Wednesday, August 27, 2008

Things That Have Amazed Me In New York, 8/today/08

A spray painted wall
An air-freshener called Orange Juice on a bathroom sink in a cafe in...one of the villages
The fact that freshener has an e after the h
a poster for Soul Calibur 4 in front of a Blockbuster (it had Yoda on it and I did not know Yoda was in Soul Calibur 4)


I have finally found a place I can sing "Six Pack" in the middle of a crowded street to no one's surprise.

Wednesday, August 20, 2008

Sunday, August 17, 2008

Quitting

Quitting is not easy. I suck at it.

Getting fired is easy though.

Thursday, August 14, 2008

Los Campesinos!





I don't think I could build a robot cuter than Los Campesinos.

But I bet this guy could:
mad scientist or just jewish scientist?

Wednesday, August 13, 2008

Dinosaur Fusion

When two dinosaurs...become one.

Punk Band or Idiom?

It's Punk Band or Idiom!
For each entry you must guess if it is a punk band, or an idiom, or both!
1. uh oh!
2. Kick the Bucket
3. Battle of the Sexes
4. Complaints are Up
5. Back Seat Driver

Guess!!!!

Wednesday, August 6, 2008

Big the Comic

Has anyone ever written a Big comic book? The Tom Hanks movie? Can I? Who do i have to talk to about clearing that?

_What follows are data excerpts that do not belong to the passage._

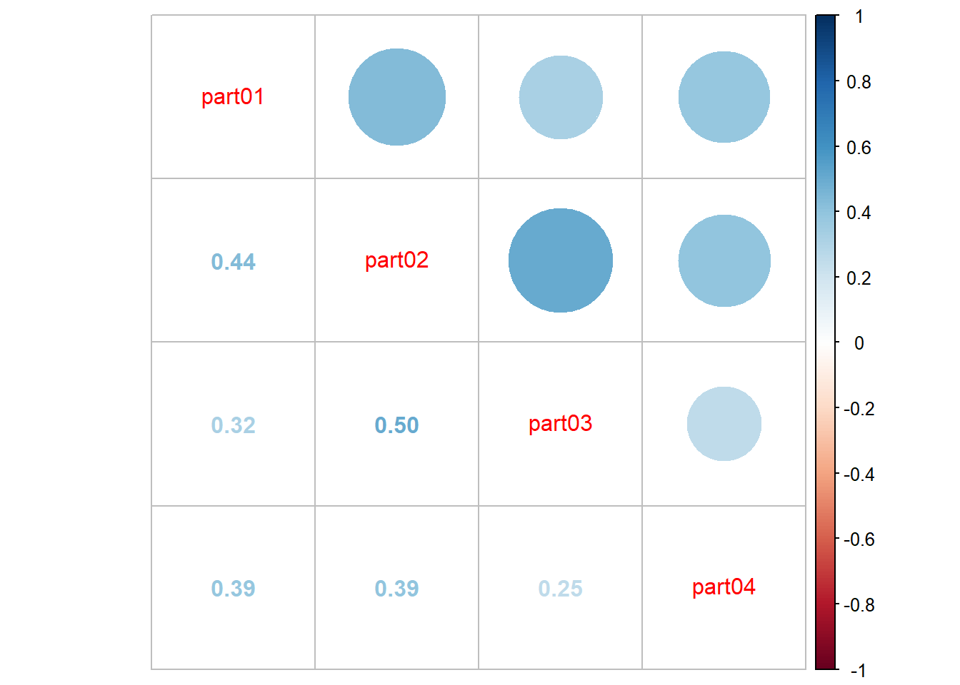 corrplot.mixed(cor(select(elsoc,part01,part02,part03,part04),
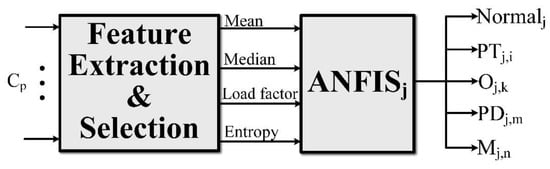 The architecture of the ANFIS network is shown in Figure 1. Consist of five layers, the fuzzy layer, the product layer, the normalized layer, the defuzzification layer and the summation layer, where the output of each layer is denoted as , where L = 1, 2, …, 5 [30]:
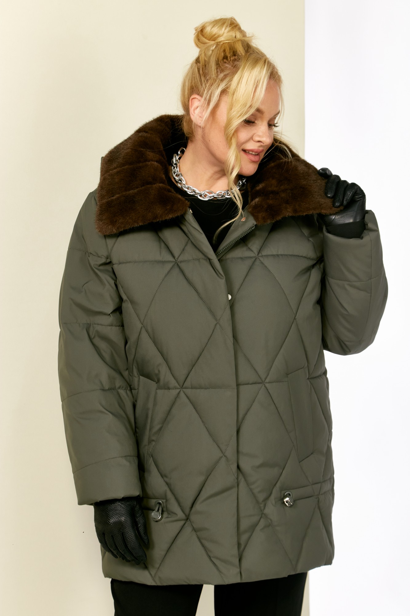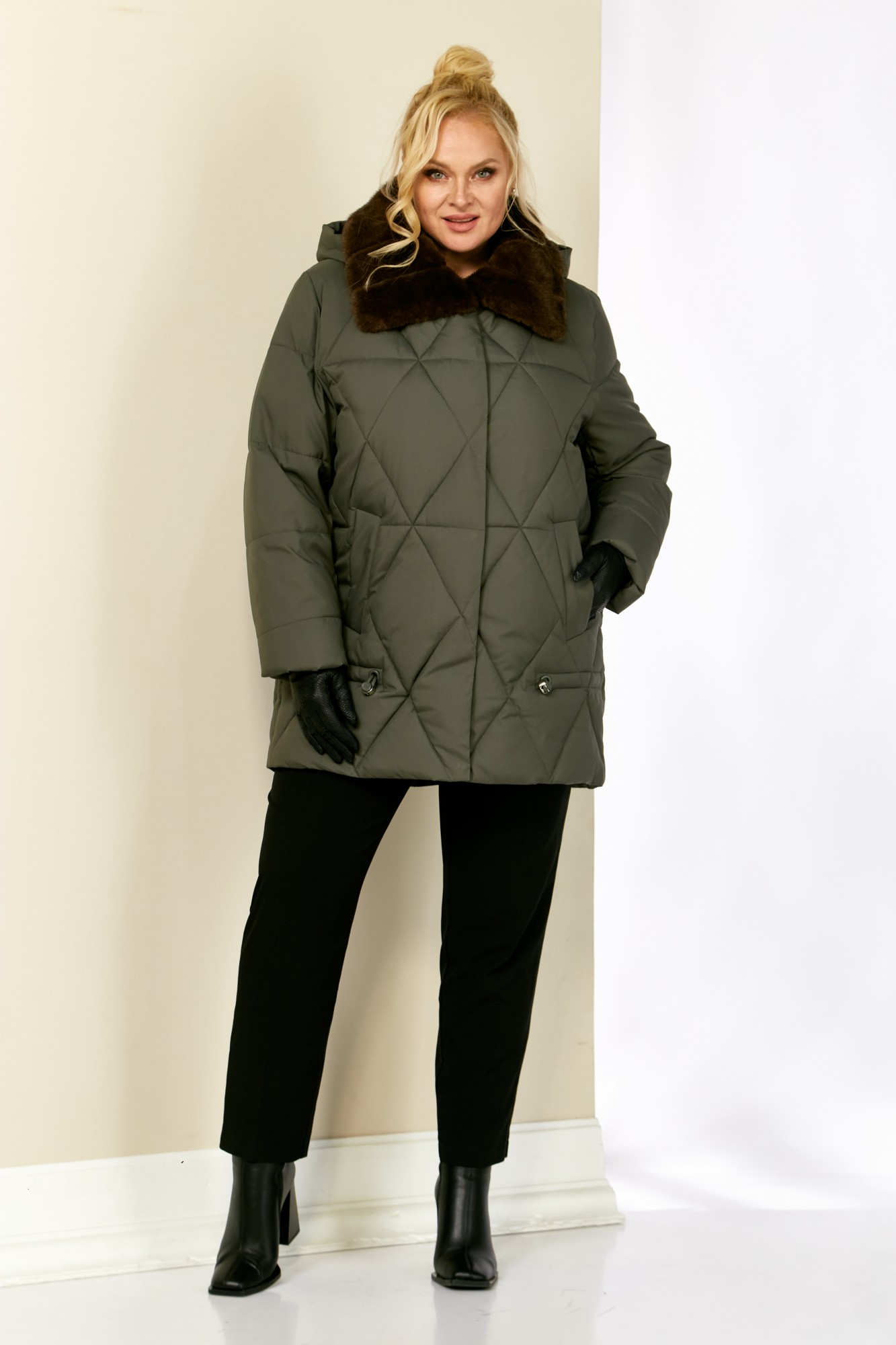 Зимняя, модная женская куртка, которая идеально подойдет для холодных дней, обеспечивая комфорт и защиту от ветра. Изделие прямого, классического стиля, выполнена из курточной матовой ткани высокого качества, непромокаемая. Утеплитель «Холлофайбер» хорошо держит форму и не сбивается. По переду центральная застежка на молнии и металлические кнопки. Карманы прорезного типа на магнитах. Нижняя часть изделия регулируется декоративным шнуром. Рукав втачной. Для защиты от ветра и мороза, рукава по низу дополнены внутренними трикотажными манжетами. Воротник отделан мехом, максимально по внешнему виду приближенный к натуральному «Норка». Капюшон съемный, регулируется декоративным шнуром.  Спинка цельная.

They've done Indiana Jones comics, Predator comics, Buffy comics. It wouldn't be that far of a stretch. He could be a superhero somehow. I mean, I'd have to think about it, pull an Alan Moore maybe. It'd be hard but, I think it could work!

Something like, he decided that...OH!! I GOT IT!!!

So time has passed. Josh Baskin (Tom Hanks Character) is one year older. His girlfriend has been brutally raped by a child molester. Not content to sit around and wait for Dateline to catch him, Josh returns to Zoltar Speaks. He makes a new wish: to be able to turn into an adult with super strength whenever he wishes.

With his new found ability, Josh lures predators into his home in his child form, "goes to his bedroom to freshen up", and then comes back a super strong 30 year old with nothing better to do than do some pounding!

That last part was sexual, wasn't it?

Monday, August 4, 2008

Love Revolution

So I'm working at Kohl's. Today I worked for 7 and a half hours and heard the new Lenny Kravitz single "Love Revolution" 9 times. Techically, I only heard Lenny Kravitz's "Love Revolution" six times; the other three times I heard Mr. Kravitz's wonderful composition was a cover, sung by a woman, slowed down, and played on an organ (this is good-the key to any revolution is to cover all the marketing demographics; Lenny attracking the rockers, this woman the housewives).

I don't know what Mr. Kravitz is trying to accomplish here. I do know though that if you buy two pairs of Levi Jeans you get a free copy of Mr. Kravitz's new album. What is he trying to do here? Spread the word about the Love Revolution to people who don't usually buy his albums? Get rid of some cd's? Who knows, maybe this was how the French Revolution got started. For all we know, the Federalist papers came free with the purpose of two carts of Tea. Or for every 3 wigs. Wigs were very popular during the American Revolution, because Shampoo hadn't been invented, so most men went bald by 12.

The first five times, I thought, "this is so stupid." But by the ninth time, I gotta say, I'm actually kind of excited about the Love Revolution! Sure I have my doubts and questions, but nevertheless, I'm kinda pumped.



Rage Against the Machine Fact Week: Day 5

In conclusion to Rage Against the Machine Fact Week, today's fact number will be written in Spanish!

FACT SINCO: My high score on Guitar Hero for Rage Against the Machine's "Bulls On Parade" is around 107,000. I think, somewhere around there.